Top of Source data

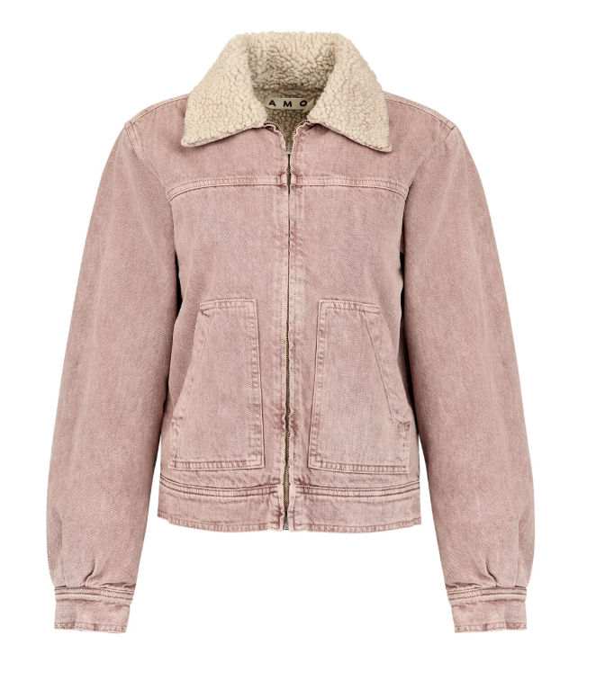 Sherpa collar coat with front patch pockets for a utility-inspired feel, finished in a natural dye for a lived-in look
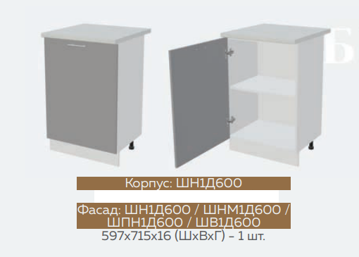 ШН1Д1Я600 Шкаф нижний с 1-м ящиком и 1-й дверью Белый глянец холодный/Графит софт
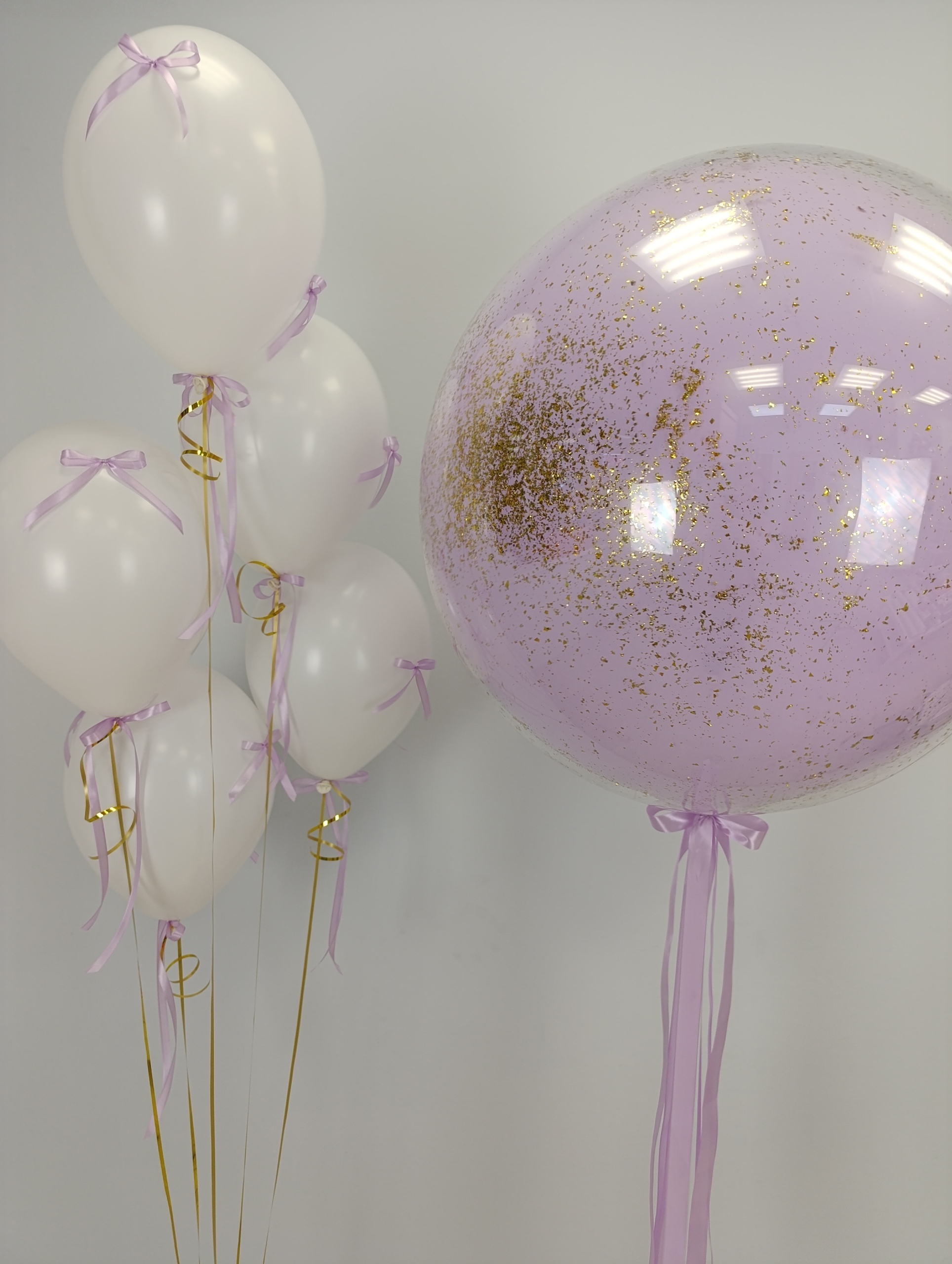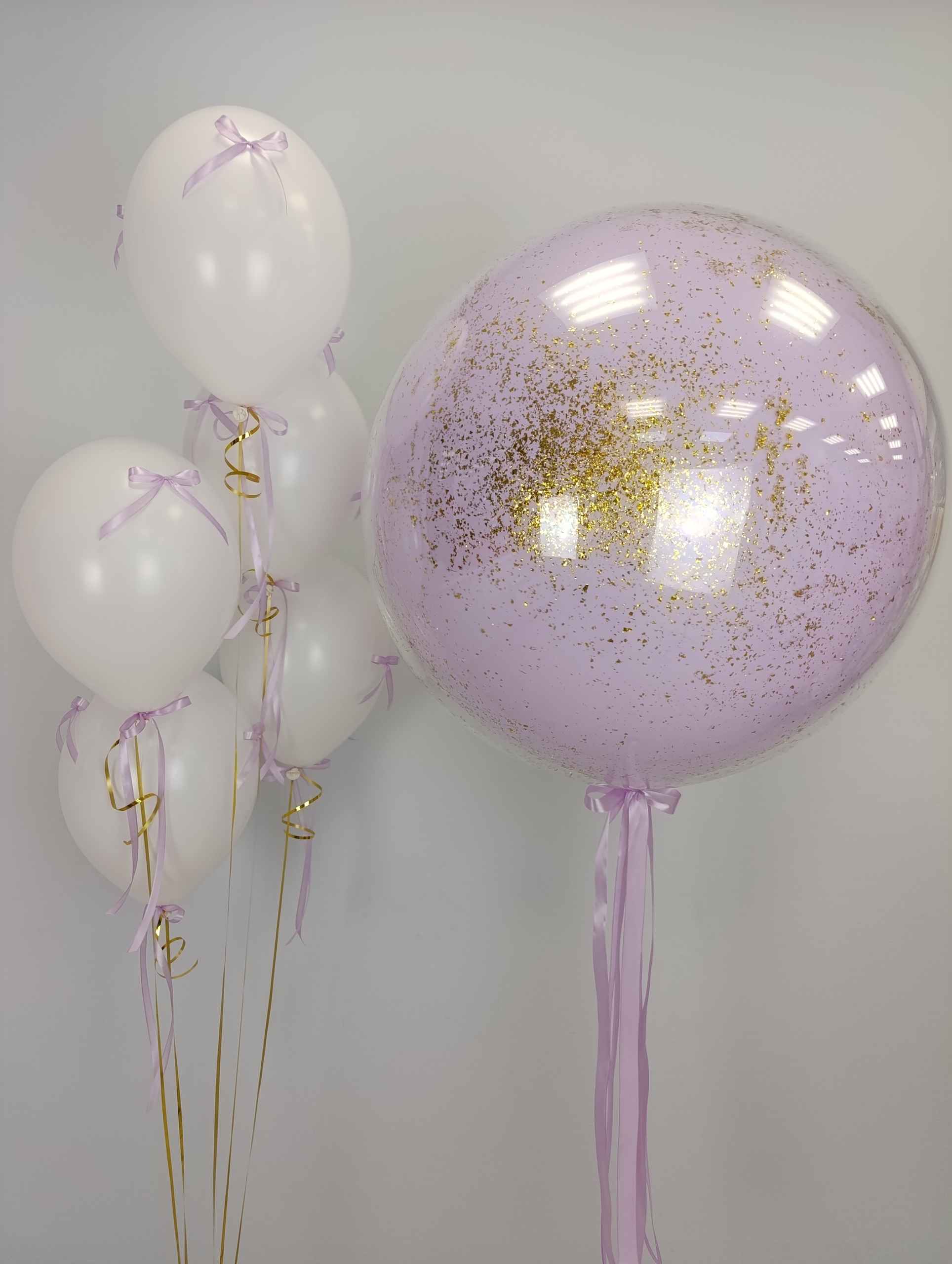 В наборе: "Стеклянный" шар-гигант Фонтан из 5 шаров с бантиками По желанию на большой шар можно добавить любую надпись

Bottom of Source data

# Description of the task
Copy the material exactly. Do not include the pictures.

# Task result
 Sherpa collar coat with front patch pockets for a utility-inspired feel, finished in a natural dye for a lived-in look
 ШН1Д1Я600 Шкаф нижний с 1-м ящиком и 1-й дверью Белый глянец холодный/Графит софт
 В наборе: "Стеклянный" шар-гигант Фонтан из 5 шаров с бантиками По желанию на большой шар можно добавить любую надпись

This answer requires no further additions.